The aim of the study was to determine the frequency of coexistence of agenesis of the maxillary lateral incisors with other dental anomalies and skeletal disorders, based on a systematic review of the literature.

MATERIAL AND METHODS

In order to determine the frequency of coexistence of agenesis of the maxillary lateral incisors with other dental anomalies and skeletal disorders, a systematic review of the literature was performed. An online database was searched using PubMed and Science Direct, using the following keywords: maxillary lateral incisor agenesis and dental anomalies. The analysis included randomized clinical trials, cohort studies and case-control studies, published until 2018. Case reports, literature reviews, letters to the editor, articles in a language other than English and Polish and articles not directly related to the subject of the research were excluded.

RESULTS

A total of 1168 results were obtained, mainly in English. Literature taken from found articles was used to obtain additional research. Eighteen articles from 1971-2016, which met the inclusion criteria, were qualified for the further analysis, all in English. The analysis of results from separate studies is presented in Table 1.

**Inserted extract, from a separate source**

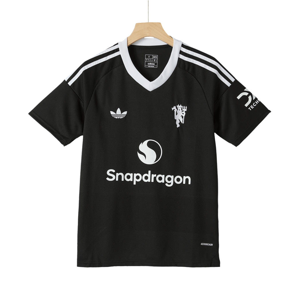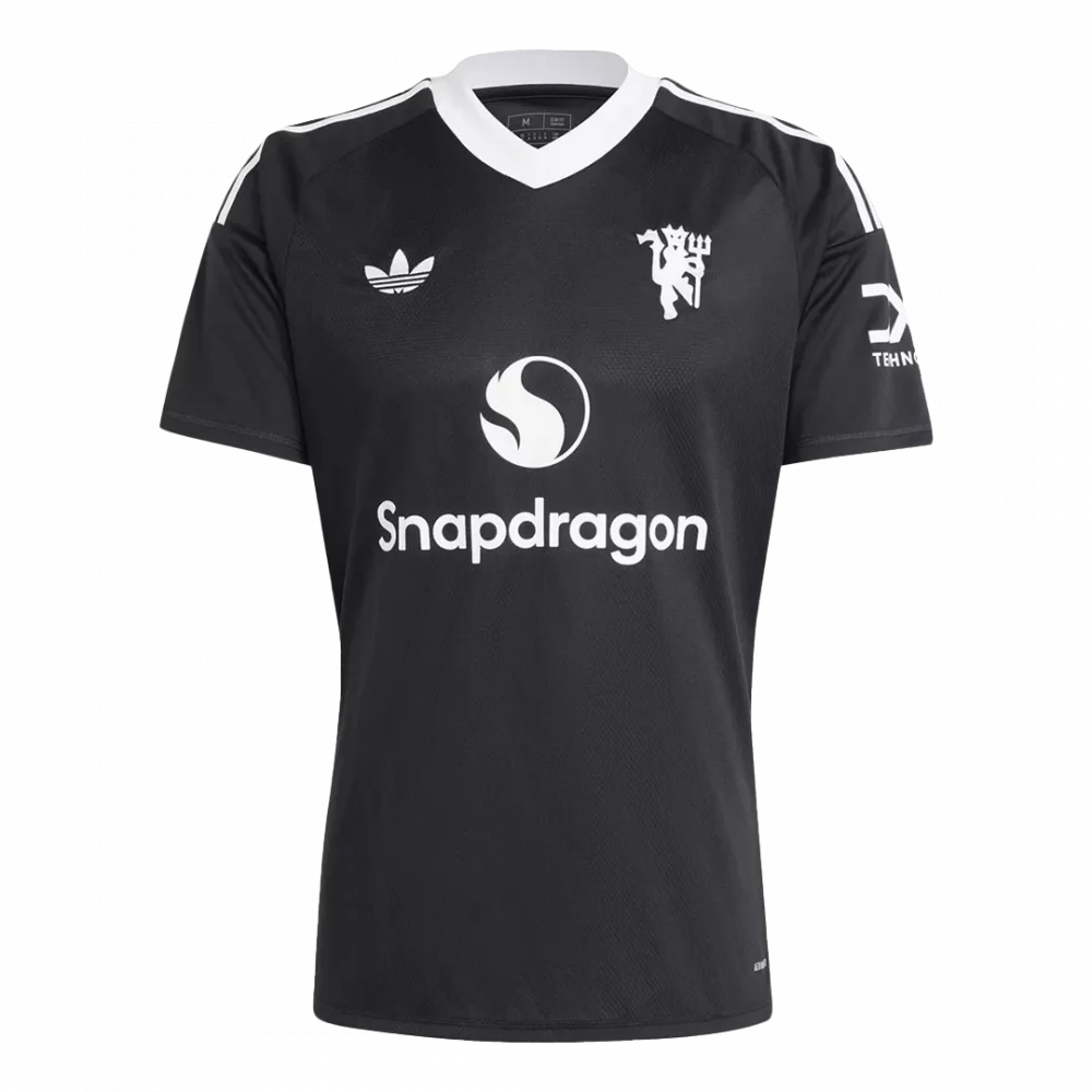 Step into the net with confidence wearing the Manchester United Third Away Goalkeeper Jersey in sleek black. This striking design channels a bold, modern look while paying homage to the club’s rich history with the classic devil crest in crisp white, symbolizing strength and resilience. Crafted for goalkeepers who demand peak performance, this jersey combines breathable, moisture-wicking fabric with a lightweight feel to keep you comfortable and agile throughout every match.

ANALYSIS OF THE OBTAINED RESULTS

Citak et al. [16] found that hypodontia of the maxillary lateral incisors in 23.3% of cases was accompanied by agenesis of permanent teeth other than third molars. The study group consisted of 90 patients with confirmed hypodontia of the maxillary lateral incisors. In the Garib et al. [19] trial, among the 126 patients with hypodontia of the lateral incisors in the maxilla, 18.2% of the patients were diagnosed with hypodontia of other permanent teeth with the exclusion of third molars. This result was over three times higher than in the general population (results were compared by researchers with reference data obtained from other studies). The frequency of agenesis of other permanent teeth in patients with MLIA was: second maxillary premolars: 10.3% (general population: 1.5%), mandibular second premolars: 7.9% (general population: 3%), third molars: 35.5% (general population: 20.7%). There was no increased frequency in the occurrence of supernumerary teeth; it was 0.8%, a result lower than in the general population (1.5%), but it was not statistically significant. Celikoglu et al. [20] observed higher frequency of coexistence of agenesis of other permanent teeth (9.6%) in patients with MLIA in the Turkish population, where the co-occurrence of supernumerary teeth was only 1.1%, and this was not statistically significant. In the studies of Pinho et al. [21] hypodontia of other permanent teeth occurred in 12.8% of patients, with the most frequent being lack of second premolars both in the maxilla and the mandible (8.5%).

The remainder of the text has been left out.